Еще две ассоциации: острие креста, хоть я и не помню там острых углов. И натянута струна – траектория выхода актеров. Есть в режиссуре Карбаускиса что-то от красивой шахматной партии. Вот из двери вышел Консул и как Ладья, по прямой, прошел до авансцены. А вот Консульша-Ферзь элегантно заскользила по диагонали. Замерла. Подала цилиндр мужу. И удалилась – ровно по той же диагонали. Служанка Ила, как Конь, буквой «Г» от фигуры к фигуре – с подносом. Вчерашние пешки – младшие Будденброки, продвигаясь по полю-сцене становятся Слонами, Ферзями и Королями, превращаются в своих родителей. Или погибают под ударами Судьбы – руки играющего эту шахматную партию.

Действие, несмотря на свою размеренность и вроде бы неспешную тягучесть, на самом деле и динамично (в рамках плавного сюжета) и важно до каждой сцены, до поворота головы, до жеста. Не углубляясь, а лишь обозначая. Виртуозно везде расставляя символы, метки и приметы двигается режиссер по страницам романа. Течение времени и смену поколений характеризуют костюмы и детали: Кеды сменили шпильки и туфли. Джинсы – элегантные брюки. А статус замужней дамы или отца семейства подтверждает наброшенный сверху майки пиджак. Взбалмошность подчеркивается солнцезащитными очками; принадлежность к высшему обществу – цилиндрами; укороченные нервы – обматываются вокруг поясницы теплым шарфом. А полоса от швабры, оставленная Идой, становится кромкой воды, у которой резвится Тоня.

Богатые тоже плачут? Дурацкий вопрос популярного сериала. И правдивый ответ старшего из рода Будденброков Тома: «Да, радостей мало!» Провозглашаемые и почитаемые ценности: капитал, семья, богатство и нерушимость традиций, которые заносятся в фамильную тетрадь, как вехи истории, начиная с 15 века, – на деле пустой звук. Нет в этой семье ни любви, ни нежности, ни привязанностей, нет ничего, и не хочется к ним за этот большой обеденный стол попасть. Не греет.

Умирающих Будденброков провожают со сцены медленно, помещая сначала в картинную раму. А затем, будто развернув тыльной стороной, картину уносят со сцены. Напоминает традицию завешивать в доме зеркала темной тканью. И вот все семейство, взглянув на нас с фамильного портрета, отправилось вслед за Идой в темноту кулис. И Тоня, посмотрев им вслед, ушла туда же.
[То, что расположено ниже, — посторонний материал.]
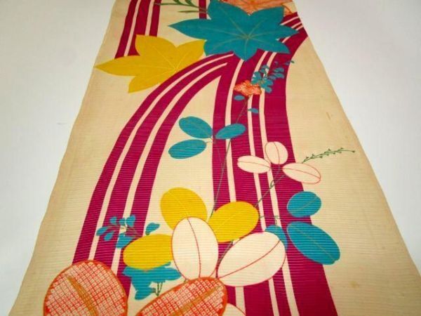 F-2★薄色*楓*萩*正絹*絽*古布はぎれ★汚れ・キズあり!夏柄/暖簾/文化人形/一閑張り/吊るし雛/市松人形

Финал у Карбаускиса слегка невнятный, размытый, без чёткой точки. Как собственно сама жизнь, ведь она не останавливается со смертью одного рода, и история гибели одного семейства – это не история гибели страны, человечества. Это лишь одна разбитая тарелка из большого фарфорового сервиза.

Автор: © Анастасия Вильчи

 


 

Действие спектакля разворачивается в XIX веке. Этот временной слой уже находил себя на сцене РАМТа – четвертый сезон подряд здесь успешно дают «Берег утопии» Тома Стоппарда. Оба спектакля относятся к эпичному жанру, оба рассматривают судьбы своих героев в масштабе. Жизнь их демонстрируется от и до – от рождения и до смерти. И у Карбаускиса и у Бородина под микроскопом рассматривается один и тот же временной пласт – тридцатые-шестидесятые годы XIX столетия. Но, тем не менее, они едва ли не полярны друг другу. «Берег утопии» посвящен тому, как надежда гибнет под ударами судьбы, а «Будденброки» тому, как она под ними рождается.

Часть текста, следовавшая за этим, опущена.